Output all entries exactly; images excluded.

BEGIN Data records

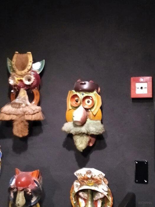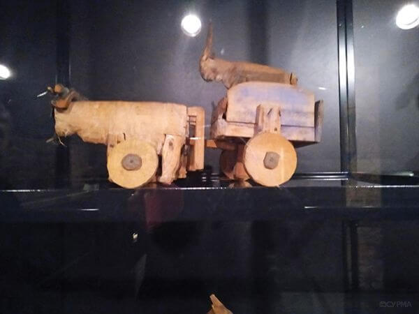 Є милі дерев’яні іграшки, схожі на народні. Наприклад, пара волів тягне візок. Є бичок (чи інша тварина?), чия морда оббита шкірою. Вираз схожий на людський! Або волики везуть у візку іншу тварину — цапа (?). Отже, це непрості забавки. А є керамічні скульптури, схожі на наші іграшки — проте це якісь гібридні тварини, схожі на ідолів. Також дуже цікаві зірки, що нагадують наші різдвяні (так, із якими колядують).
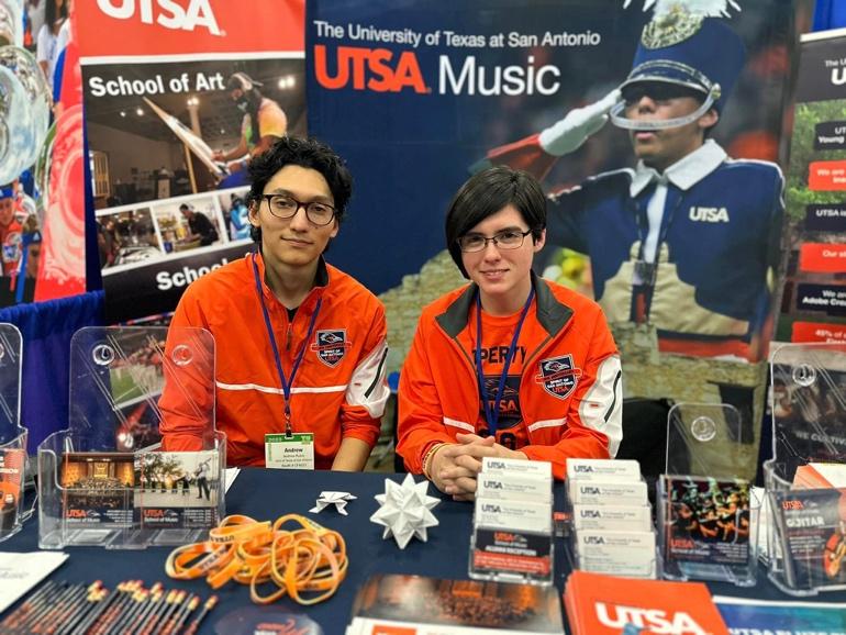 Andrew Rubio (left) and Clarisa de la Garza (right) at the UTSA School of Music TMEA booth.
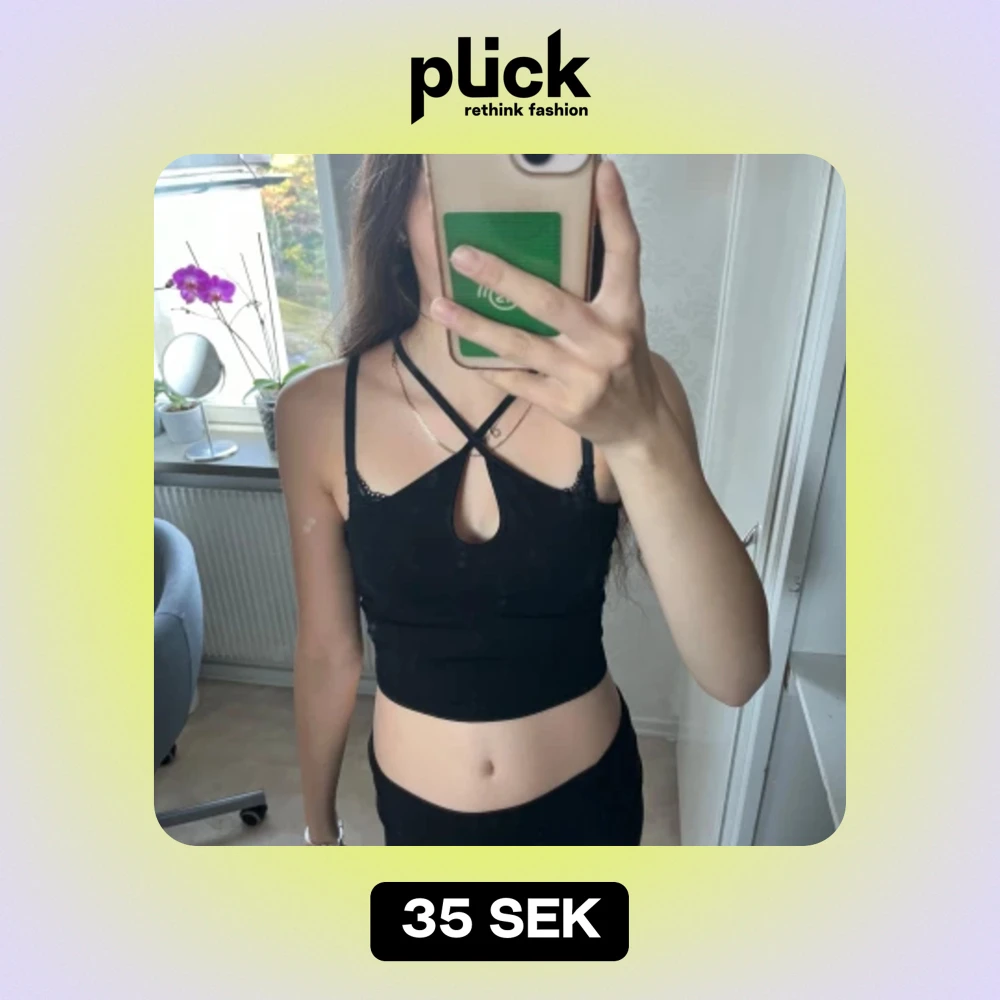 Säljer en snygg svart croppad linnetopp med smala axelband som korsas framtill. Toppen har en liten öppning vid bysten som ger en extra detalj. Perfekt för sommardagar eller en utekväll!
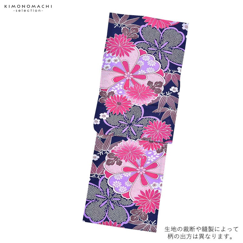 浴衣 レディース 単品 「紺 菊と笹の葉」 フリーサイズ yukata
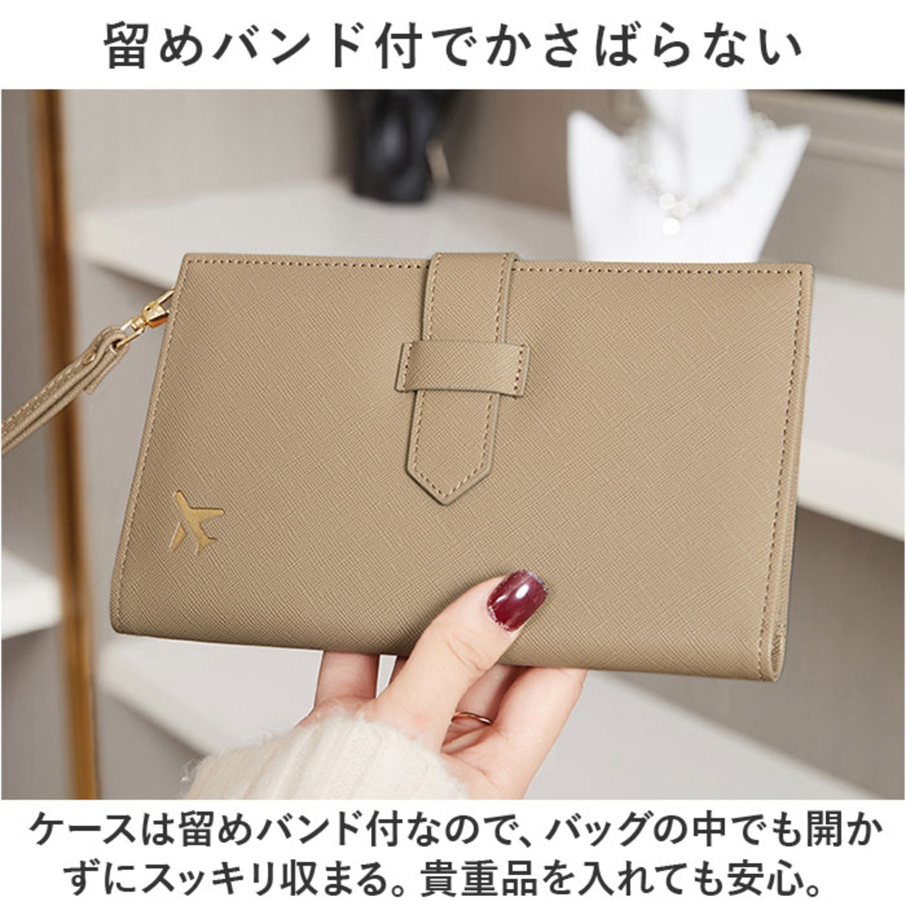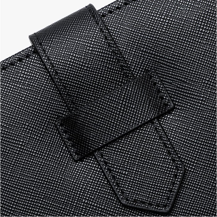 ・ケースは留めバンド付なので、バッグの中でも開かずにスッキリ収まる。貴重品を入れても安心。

END Data records

Response for this exercise:
 Є милі дерев’яні іграшки, схожі на народні. Наприклад, пара волів тягне візок. Є бичок (чи інша тварина?), чия морда оббита шкірою. Вираз схожий на людський! Або волики везуть у візку іншу тварину — цапа (?). Отже, це непрості забавки. А є керамічні скульптури, схожі на наші іграшки — проте це якісь гібридні тварини, схожі на ідолів. Також дуже цікаві зірки, що нагадують наші різдвяні (так, із якими колядують).
 Andrew Rubio (left) and Clarisa de la Garza (right) at the UTSA School of Music TMEA booth.
 Säljer en snygg svart croppad linnetopp med smala axelband som korsas framtill. Toppen har en liten öppning vid bysten som ger en extra detalj. Perfekt för sommardagar eller en utekväll!
 浴衣 レディース 単品 「紺 菊と笹の葉」 フリーサイズ yukata
 ・ケースは留めバンド付なので、バッグの中でも開かずにスッキリ収まる。貴重品を入れても安心。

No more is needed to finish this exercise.